# Need a better sun shade for Chicco Keyfit 30



## Beauchamp (Jan 12, 2009)

Not technically "safety", unless you count sun safety







...I'm looking for something like a sun shade clip-on or something to extend the woefully lacking, awfully small sun shade on our Chicco Keyfit 30. To clarify, this is for use when it's used with the snap n go stroller, NOT in the car (I don't think that would be safe, correct?)

We went to the zoo yesterday and the sun was awful. DS was sleeping, so we put him on top of a cotton blanket in the car seat/snap n go and pushed him through some limited shady areas. WHen we went through a ton of sun I held a muslin blanket over him. It was a royal pain. I figured he'd sweat way too much in our Beco, but I really need a good shade since we have a vacation coming up, and I'd like to have the option of him laying down to sleep but in a way so he can still feel some breeze (i.e. not draping the blanket over him)

Ideas?


----------



## LaughingHyena (May 4, 2004)

We had a parasol similar to this http://www.toysrus.com/product/index.jsp?productId=10954758

Ours had a clip which you would leave on the pushchair, even when folded.
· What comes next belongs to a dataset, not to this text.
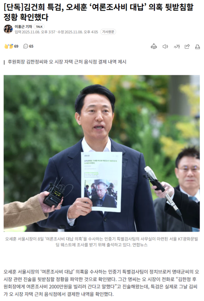 8일 경향신문 취재를 종합하면 특검은 이날 오전 오 시장과 명씨를 대질신문하며 2020년 1월22일 전화 통화에 대해 캐물었다고 한다. 명씨는 지난 4월29일 검찰 조사에서 오 시장이 당일 4차례 전화를 걸어 여론조사를 부탁했다고 주장했다. 명씨는 “오 시장으로부터 2021년 재보궐선거 당시 전화가 와 ‘선거법 때문에 여론조사 비용을 직접 못 줘 김씨에게 2000만원을 빌리러 가고 있다’고 말했다”는 취지로 진술했다. 오 시장이 김씨에게 돈을 빌리는 형식으로 여론조사 비용을 대납케 했다는 것이다. 오 시장은 특검에서 당일 김씨를 만나지 않았다는 취지로 진술한 것으로 전해졌다. 이날이 오 시장 아내의 생일이라 가족과 함께 있었다는 것이다. 그러자 특검은 김씨가 오 시장 자택 근처 음식점에서 결제한 내역을 제시하며 “김씨를 만난 것 아니냐”고 물었다고 한다. 특검은 또 오 시장의 측근인 강철원 전 정무부시장이 카드가 결제된 직후 명씨에게 정기 여론조사 결과와 함께 “여론조사 관련해 필요하신 게 있으면 저한테 말씀하시면 된다”고 전한 카톡 메시지도 오 시장에게 제시한 것으로 전해졌다. 앞서 명씨는 같은 날 오 시장이 전화를 걸어 “서울시장 자체조사 뿐만 아니라 공표 조사까지 철원이하고 의논해서 여론조사를 알아서 진행해주시고, 그 비용은 김한정 회장이 계속 지원하도록 말하겠습니다”라고 했다고 검찰에 진술했다. 오 시장은 2021년 서울시장 보궐선거 당시 명씨가 운영한 것으로 알려진 여론조사업체 미래한국연구소로부터 13차례 비공표 여론조사 결과를 받고, 비용 3300만원을 후원자 김한정씨가 대납하도록 했다는 의혹을 받는다. 오 시장 측은 김씨의 비용 지급과 무관하다고 주장해왔다. . 후략 ..

The parasol stem just twisted into it. It was a nice addition to the hood on the pushchair as it could be angled to give the most shade, I also liked being able to easily switch it between pushchairs (we had a single and a double)

The ray shade ones always looked like they gave good protection to me but they need to fit over the hood of the pushchair so I'm not sure if they would work with a car seat frame.


----------